Sunderarajan Padmanabhan Updated - April 02, 2018 at 05:03 PM.

There seems to be no early end to the debate on whether the odd-even scheme implemented by the Delhi government in January 2016 was a success or not. A new research study published in the journal Current Science indicates that the rule did not result in a reduction of vehicular emissions, but had led to an overall increase in emissions. It has found that there was a significant increase in the median concentration of gases that were measured from air samples as chemical tracers for vehicular emissions.

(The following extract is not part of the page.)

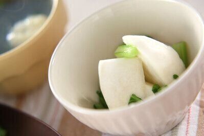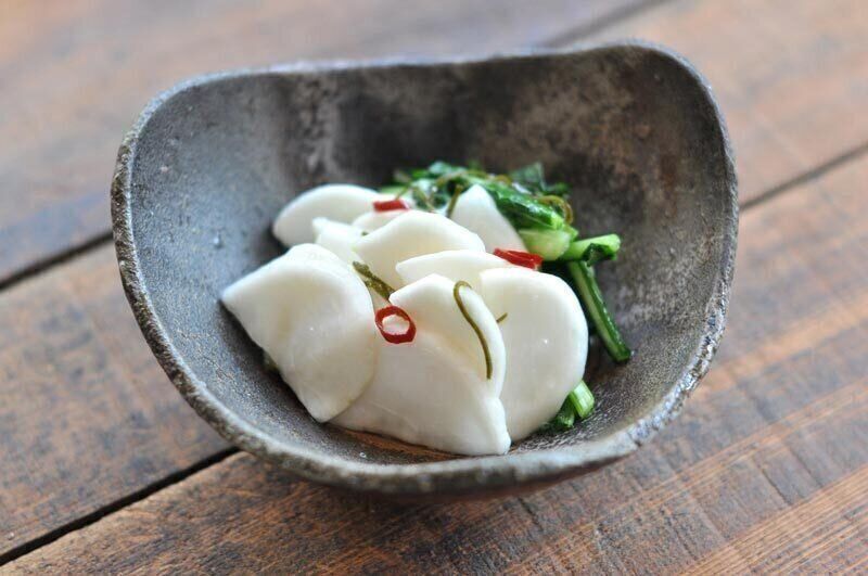 塩漬けの漬物をベースに、かぶの葉までおいしく食べられるように少し調味料を加えたアレンジレシピです。ぜひ葉っぱもいっしょに漬けてみてください。

The study was done by researchers from the Ministry of Earth Sciences, India Meteorological Department (IMD), Indian Institute of Tropical Meteorology (IITM) and Indian Institute of Science, Education and Research (IISER), Mohali. The median concentration of 13 of the 16 gases measured were higher in the morning hours (7 am to 8 am) and afternoons (1.30 pm to 2.30 pm) on days when the scheme was implemented, as against three random reference days before and after the fortnight-long odd-even campaign.

Speaking to

India Science Wire , Dr. Vinayak Sinha, a member of the research team from IISER, explained that the higher concentration of gases was likely due to the fact that though there was a reduction in the number of cars, there was an increase in the number of other vehicles on the road: public transport buses, trucks, two-wheelers, three-wheelers, as also CNG-operated cars that were exempted from the scheme.

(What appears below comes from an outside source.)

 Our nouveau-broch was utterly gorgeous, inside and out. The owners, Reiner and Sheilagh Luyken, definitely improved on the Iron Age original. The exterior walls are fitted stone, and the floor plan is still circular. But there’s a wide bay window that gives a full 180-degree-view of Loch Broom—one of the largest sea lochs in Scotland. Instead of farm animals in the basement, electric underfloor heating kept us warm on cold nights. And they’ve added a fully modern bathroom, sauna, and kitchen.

A study by the Council on Energy, Environment and Water (CEEW) found that the daily average number of vehicles increased by 10 per cent during the odd-even period in January 2016, compared to the last week of December 2015. The increase was primarily attributed to a 17 per cent increase in two-wheelers, 12 per cent increase in three-wheelers, 22 per cent rise in taxis and 138 per cent rise in the number of private buses.

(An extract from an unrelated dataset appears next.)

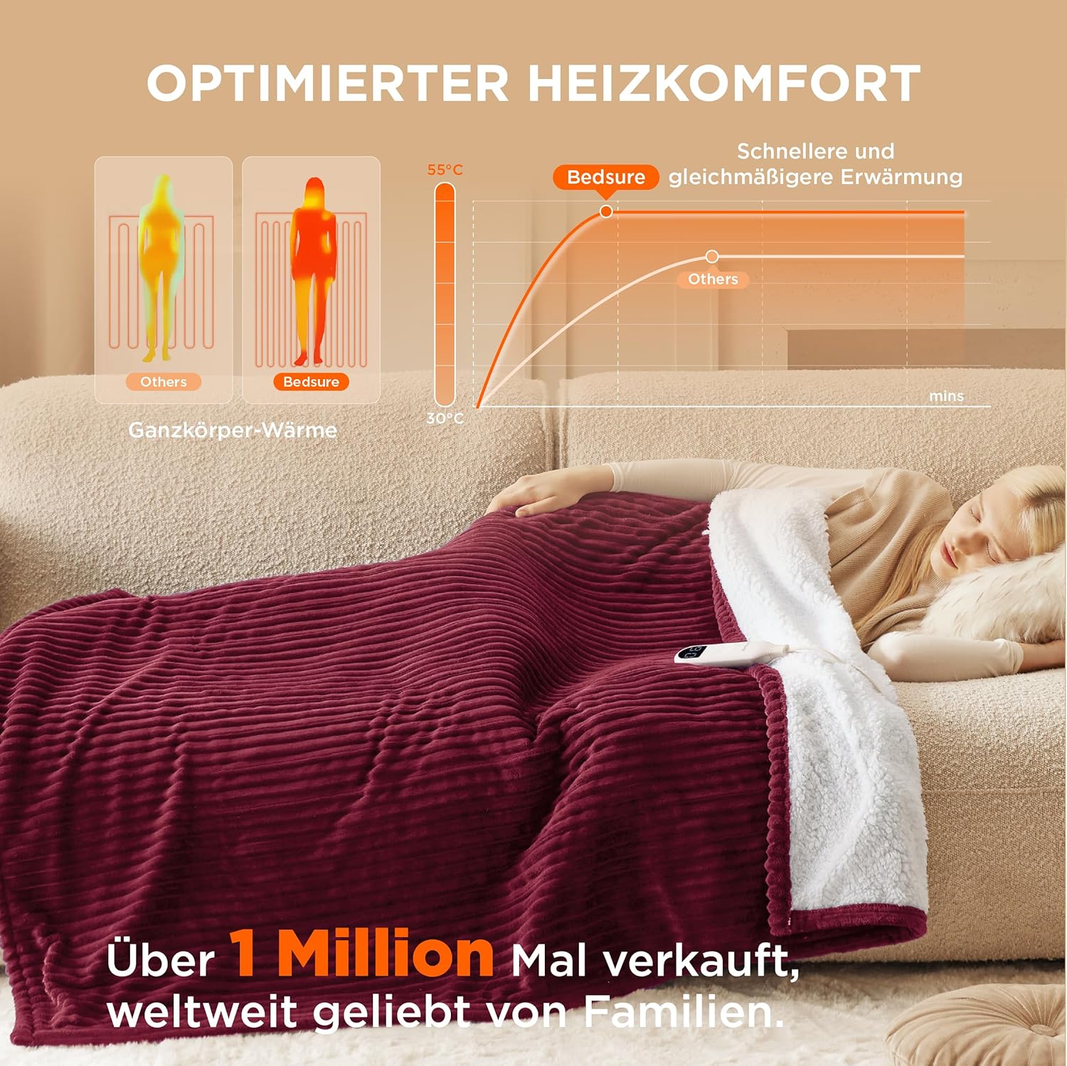 Електрическо одеяло BEDSURE с автоматично изключване, 130 x 180 см, Термо одеяло с 6 степени на топлина и 10-часов таймер, защита от прегряване до 8 часа, електрическо пухкаво одеяло за дома и офиса

In addition, a large number of personal vehicle owners seemed to have opted to commute earlier in the morning and later in the evening, before and after the odd–even rule was enforced (from 8 am to 8 pm) to avoid penalty.

The study says “the odd-even rule may have resulted in traffic decongestion during peak hours, which may certainly have benefitted commuters. However, it must also be kept in mind that enhanced traffic emissions during times of the day when the dilution effect due to the atmospheric boundary layer is low (early morning before 8 a.m. and at night after sunset) could lead to higher peak concentration exposure for several health-relevant carcinogenic VOCs (volatile organic compounds) such as benzene”.

Dr Sinha said the study looked at the concentration of chemical tracers that were specific to vehicle emissions and biomass emissions, unlike many other studies which investigated the impact of the odd-even rule on ambient concentrations of nitrogen oxides, sulphur dioxides, ozone and particulate matter (PM10 and PM2.5), which are driven by multiple emissions sources.

The report suggested that arrangements be made for deploying systems for online measurement of VOCs at multiple strategic sites and webcams at sampling sites to get a better picture of the number and type of vehicles passing by. This would help address current uncertainties with regard to quantitative source apportionment of air pollutants.

Besides Dr. Sinha, the study team included Dr. B.P. Chandra, H. Hakkim, A. Kumar, H. Pawar, A.K. Mishra, G. Sharma, Pallavi, and S. Garg of IISER, Mohali, Sachin D.Ghude, D.M. Chate, Prakash Pithani, and Rachana Kulkarni of IITM, Pune and R.K. Jenamani of IMD, Delhi.